Copom reduz Selic a 14,50% e FOMC mantém taxa com Fed dividido

  Inflação elevada e incerteza com Oriente Médio norteiam decisões, mas insegurança política nos EUA gera maior cautela e crise entre economistas

Ilustração: Leloo The First



O Banco Central atendeu à expectativa do mercado com a segunda queda consecutiva de 0,25 ponto percentual. Embora o cenário externo conflituoso gere incertezas e a inflação não convirja por ora ao centro do meta no médio prazo, a projeção otimista de longo prazo sustentou a decisão do Comitê de Política Monetária (Copom).

O Copom [...] entende que essa decisão é compatível com a estratégia de convergência da inflação para o redor da meta ao longo do horizonte relevante. Sem prejuízo de seu objetivo fundamental de assegurar a estabilidade de preços, essa decisão também implica suavização das flutuações do nível de atividade econômica e fomento do pleno emprego.

No comunicado em que afirma decisão unânime dos integrantes, o Comitê informa que acompanhará o desenrolar do cenário internacional e as consequências sobre os preços internos para avaliar os próximos movimentos em relação aos juros. 

Fed mantém juros entre 3,50% e 3,75% em decisão dividida

 O Federal Reserve dos Estados Unidos (Fed) decidiu manter o intervalo-alvo para a taxa dos fundos federais entre 3,50% e 3,75%, segundo comunicado oficial divulgado pelo Comitê Federal de Mercado Aberto (FOMC). A decisão surge num contexto de inflação ainda acima da meta e de crescentes incertezas geopolíticas relacionadas com a evolução no Médio Oriente.

De acordo com a avaliação do Fed, indicadores recentes sugerem que a atividade econômica norte-americana tem se expandido a um ritmo sólido. No entanto, o cenário do mercado de trabalho mostra sinais de abrandamento: os ganhos de emprego permaneceram baixos, em média, embora a taxa de desemprego tenha registado pouca alteração nos últimos meses.

A inflação continua elevada, refletindo, em parte, o recente aumento nos preços globais da energia, fator que reforça a cautela do Fed na condução da política monetária.

Duplo mandato e riscos no horizonte

O Comitê reiterou que procura alcançar o emprego máximo e a inflação à taxa de 2% a longo prazo. Segundo o Fed, a evolução no Oriente Médio contribui para o nível elevado  de incerteza sobre as perspetivas econômicas, levando o organismo a manter-se atento aos riscos para ambos os lados do seu duplo mandato.

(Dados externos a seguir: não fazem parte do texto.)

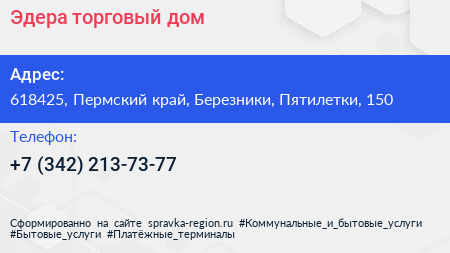 Эдера, торговый дом по адресу 618425, Пермский край, Березники, Пятилетки, 150 в дальнейшем Организация, размещена в следующих категориях: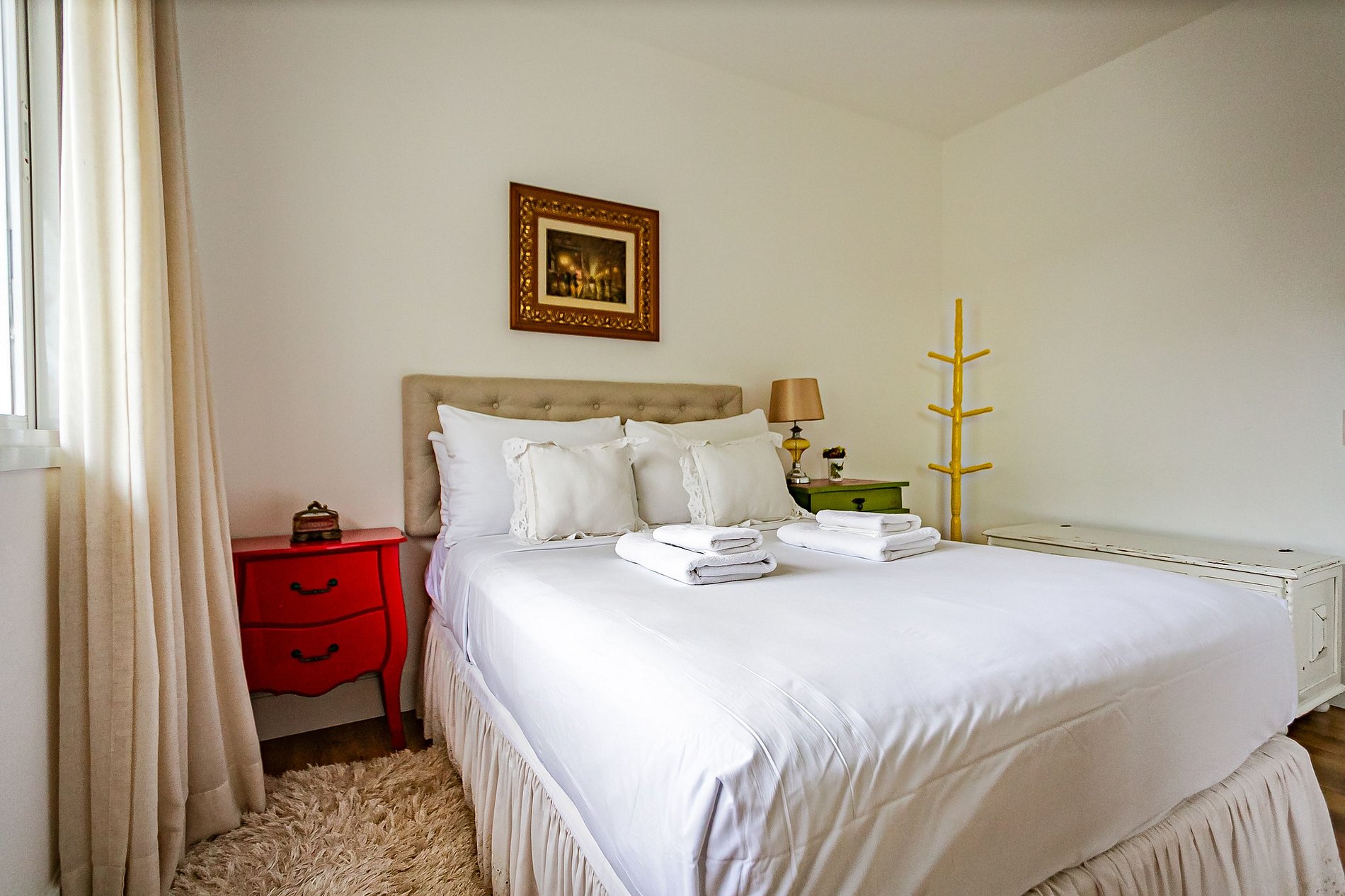 - Todas as camas possuem roupa de cama completa.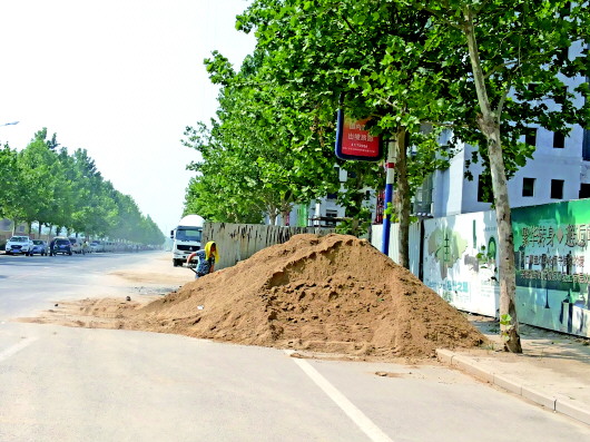 本报记者 杨擎 济阳县开发区不断发展,各大楼盘、小区拔地而起,随之也出现了不少问题。近日,家住领秀城的卢女士给本报“有事您说”栏目打来电话反映:闻韶佳苑二期施工,工程材料占了门前大半个马路,给附近市民带来诸多不便,存在极大安全隐患。接到市民反映后,城管执法局一中队立刻出动,要求开发商将占道工程材料进行处理,谁知刚清理完没几天又堆上了。 一堆沙子占大半个车道 近日,记者来到闻韶佳苑二期工程门口发现,在大门北面堆放着近一卡车沙子,民工们正往三轮推车上装沙子。“用多少沙子就往里推多少,里面其他的材料堆得很满,就现用现推了。”民工刘女士说,一般都是拉来一车沙子就直接从后斗上倒下来,倒不到最边上。 在现场,记者看到,这堆沙子不仅占用了整个非机动车道,还占了大半个机动车道,经过此处的市民无奈纷纷选择绕行。“这堆沙子已经在这儿堆了三四天,给附近的市民带来很多不方便。”家住领秀城的卢女士说,每次回家都要经过这里,这条路非机动车道本身就比较窄,结果全部都被占用了。 “现在天气这么热,路两边的树是为了给市民遮荫用的。”市民郭先生说,每天下午路西侧都有树荫,经过这个地方都要绕行到阳光下面去,气温高本身就比较浮躁,这样一绕,心里更不舒服了。 “骑电动车和自行车的市民还好些,他们的车体比较小,可以直接在马路右侧正常方向绕行。”车主王先生说,这堆沙子还有不到两米就触及马路中间的黄线了,每次开车经过这里绕行,都要占用黄线以东的部分马路,如果迎面有车驶过来难免会出现躲闪不及的状况,十分危险。 刚清理没几天又堆上了 接到市民反映后,2日清晨,济阳县城管执法局第一中队立刻出动四名队员,对闻韶佳苑门前占道现象进行规范,沙子已清理完毕,市民出行回归了方便。 “现在济阳县正在施工的工地特别多,我们的队员又比较少。”城管执法局一中队邵队长说,平时不断在济阳县主干道上巡逻,对主干道上的工程占道现象管理比较严格、及时。闻韶佳苑二期工程位于永安路路段,比较偏僻,平时巡查不免会出现漏掉的现象。 2日下午,记者再次来到闻韶佳苑二期工程门口,发现民工正在用三轮推车将沙子向工地内部转移。18时左右,门口的沙子已清理完毕,市民出行回归了正常。 4日,家住领秀城的一些市民又打来热线反映:“闻韶佳苑二期工程门口的沙子刚刚清理完毕,今天又被占上了。”记者再次来到闻韶佳苑二期工程门前发现,正堆在门前的沙子堆比之前的沙子还要多近1/3,不仅如此,工程门口的南面又堆放了不少砖瓦,占据了更多的车道。 记者与城管执法局第一中队取得联系。“之前找到其开发商负责人,对方表示材料太多,不好堆放。”一中队负责人说,会再次对其相关负责人进行规劝,建议其单独开辟一块存放材料的地方,并要求立刻解决占道问题。

Em apoio aos seus objetivos, o FOMC optou pela manutenção do intervalo-alvo atual. Ao considerar a extensão e o momento de ajustes adicionais na faixa-alvo da taxa dos fundos federais, o Comitê avaliará cuidadosamente os dados recebidos, a evolução das perspetivas e o equilíbrio dos riscos. O Fed reafirmou estar "fortemente empenhado" em apoiar o emprego máximo e em devolver a inflação ao seu objetivo de 2%.

Monitoração contínua

Na avaliação da orientação adequada da política monetária, o Comitê continuará a monitorar as implicações da informação recebida para as perspetivas econômicas. Caso surjam riscos que possam impedir a consecução dos objetivos definidos, o FOMC declarou estar preparado para ajustar a direção de acordo com o contexto.

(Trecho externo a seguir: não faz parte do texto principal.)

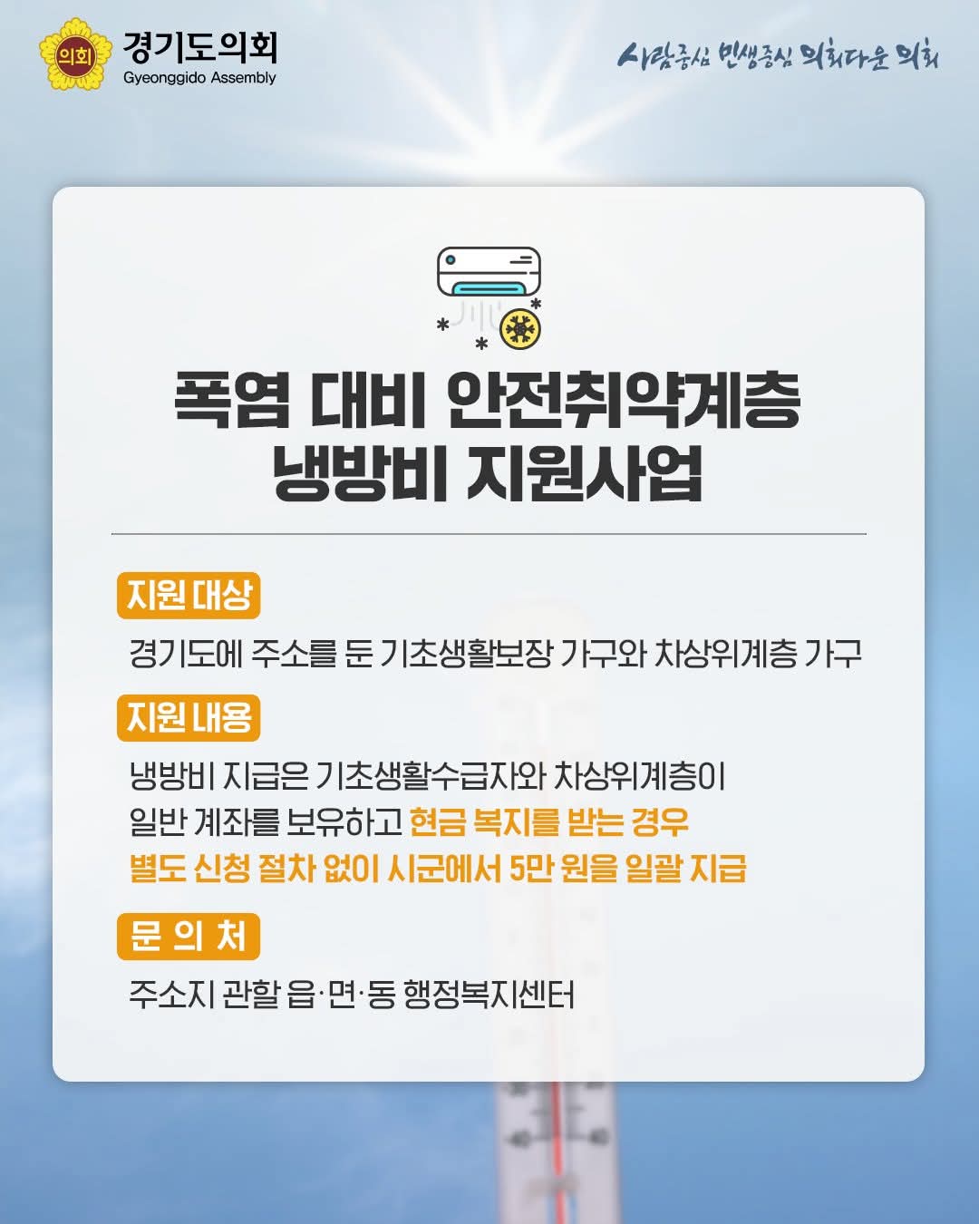 경기도 재해구호기금(폭염 대비) — 냉방비 지원 안내 · 신청방법 · 절감 계산기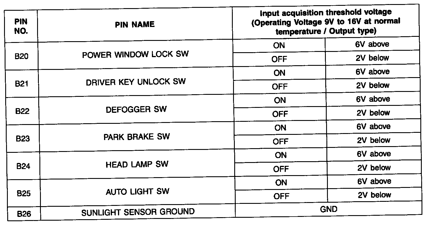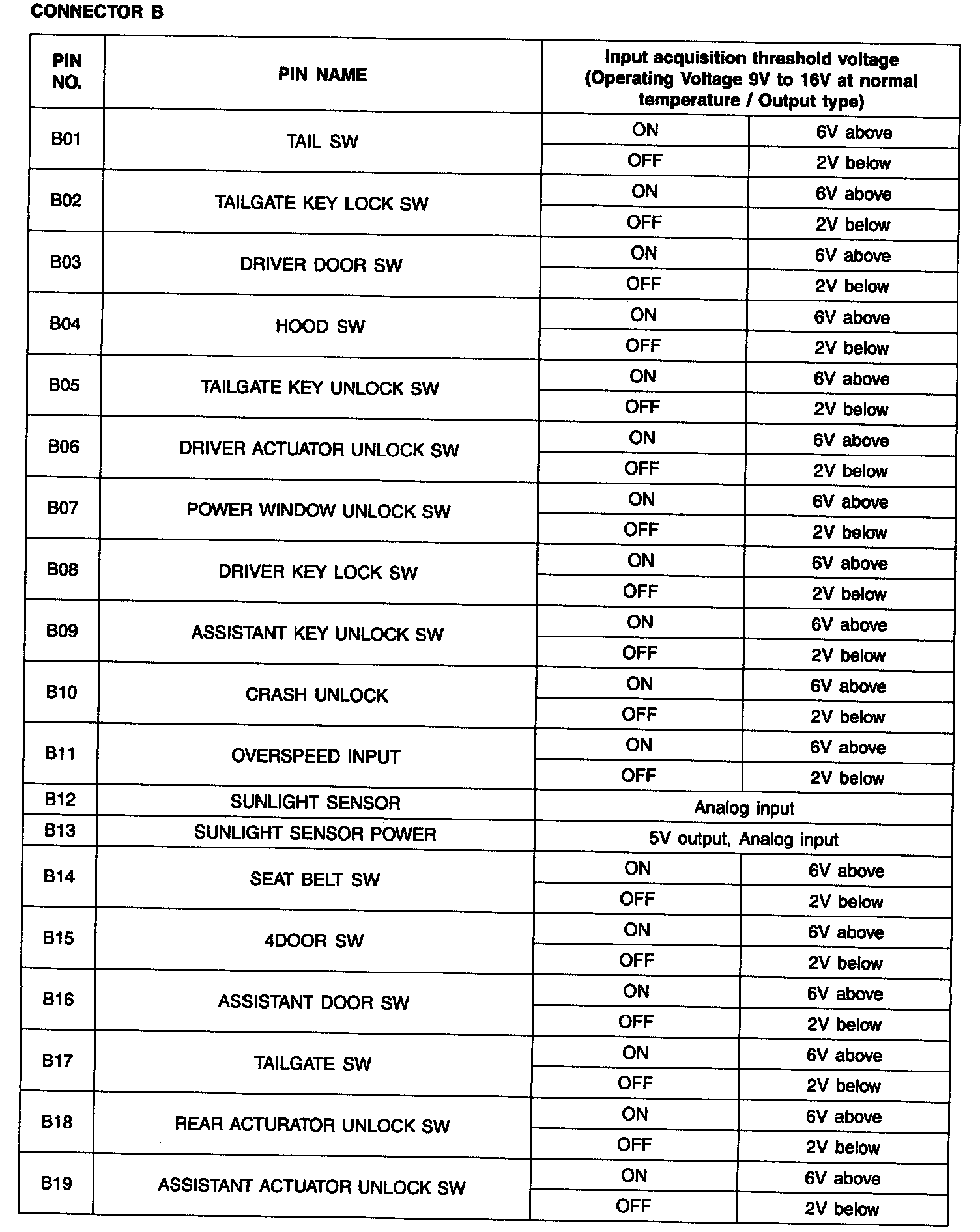 Pinout Values and Diagnostic Parameters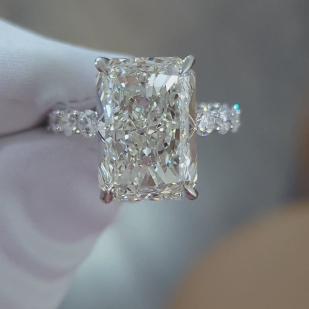 Radiant 12.80tcw Lab Diamond Ring | Hidden Halo | Scalloped Pavé | IGI Certified | EF VS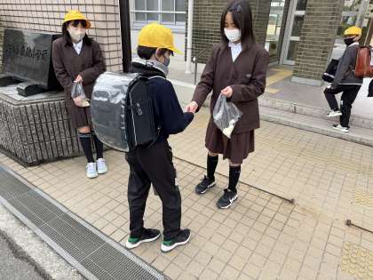運営委員会の児童が毎朝、正門のところであいさつの啓発をしてくれます。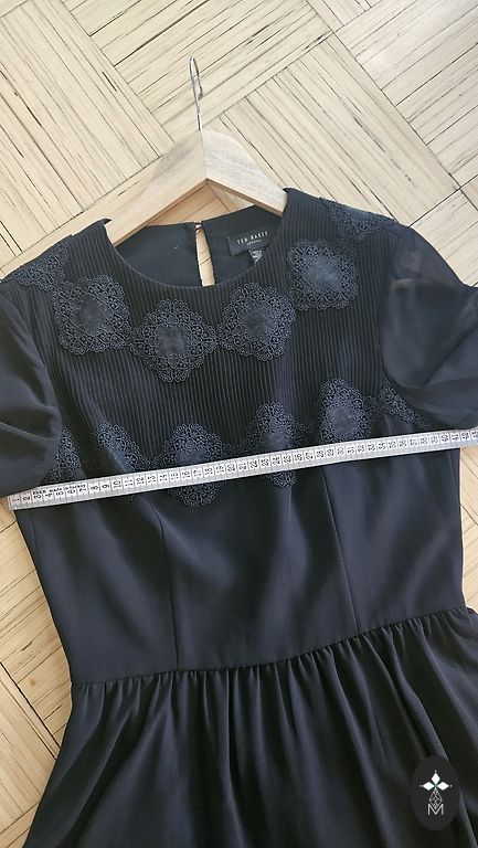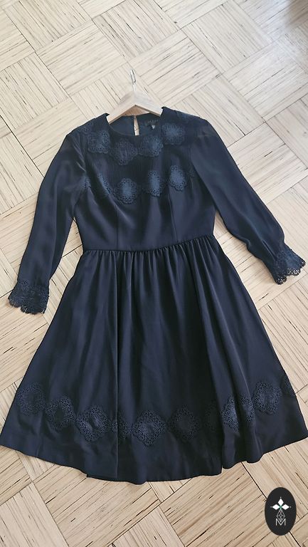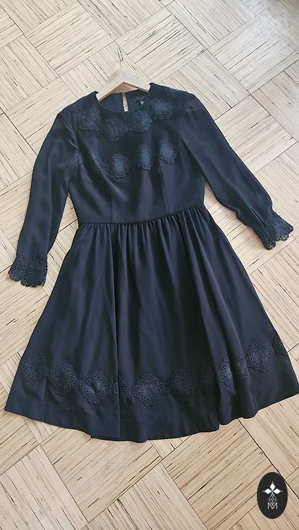 Beautiful dress for celebrations, formal events. The top layer of the dress up to the waist features lace trim, as well as lace ruffles on the sleeves and lower part. Slight signs of use. Bust up to 55 cm, hips approx. 70 cm, length 126 cm. The dress is stretchy.

As avaliações terão em conta uma vasta gama de informações, incluindo leituras sobre as condições do mercado de trabalho, as pressões inflacionistas e as expectativas de inflação, bem como a evolução financeira e internacional.

Tensões internas

A decisão não foi unânime e expôs divisões no seio do Comitê. Votaram a favor da ação de política monetária Jerome H. Powell (presidente), John C. Williams (vice-presidente), Michael S. Barr, Michelle W. Bowman, Lisa D. Cook, Philip N. Jefferson, Anna Paulson e Christopher J. Waller.

Em sentido contrário votou Stephen I. Miran, que defendia uma redução da faixa-alvo para a taxa dos fundos federais em 0,25 ponto percentual nesta reunião.

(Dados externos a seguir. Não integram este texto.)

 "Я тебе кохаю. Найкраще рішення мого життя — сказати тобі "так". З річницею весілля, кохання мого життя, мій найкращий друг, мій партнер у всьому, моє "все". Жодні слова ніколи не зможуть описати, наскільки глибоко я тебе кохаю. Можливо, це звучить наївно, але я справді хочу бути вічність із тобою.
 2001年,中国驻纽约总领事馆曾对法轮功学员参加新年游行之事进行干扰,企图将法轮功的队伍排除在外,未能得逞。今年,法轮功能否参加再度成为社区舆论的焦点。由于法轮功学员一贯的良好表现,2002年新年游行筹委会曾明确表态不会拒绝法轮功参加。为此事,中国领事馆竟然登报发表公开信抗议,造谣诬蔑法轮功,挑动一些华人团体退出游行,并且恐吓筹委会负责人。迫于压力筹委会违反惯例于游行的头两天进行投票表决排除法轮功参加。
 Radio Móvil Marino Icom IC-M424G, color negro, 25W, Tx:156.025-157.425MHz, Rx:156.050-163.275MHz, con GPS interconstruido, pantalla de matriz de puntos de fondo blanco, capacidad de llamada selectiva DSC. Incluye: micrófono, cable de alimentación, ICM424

Beth M. Hammack, Neel Kashkari e Lorie K. Logan apoiaram a manutenção da faixa-alvo, mas opuseram-se à inclusão de um viés de flexibilização na declaração neste momento. Eles estabeleceram um racha profundo sobre o rumo futuro da política monetária norte-americana.

A herança de Trump no Fed

A atual composição do FOMC, embora opere de forma independente, carrega o peso das indicações de diferentes administrações, com destaque para nomes selecionados durante a presidência de Donald Trump. Jerome H. Powell, o atual presidente da Reserva Federal que votou pela manutenção das taxas, foi originalmente escolhido por Trump em 2017 para liderar a instituição, tendo sido reconduzido posteriormente por Joe Biden.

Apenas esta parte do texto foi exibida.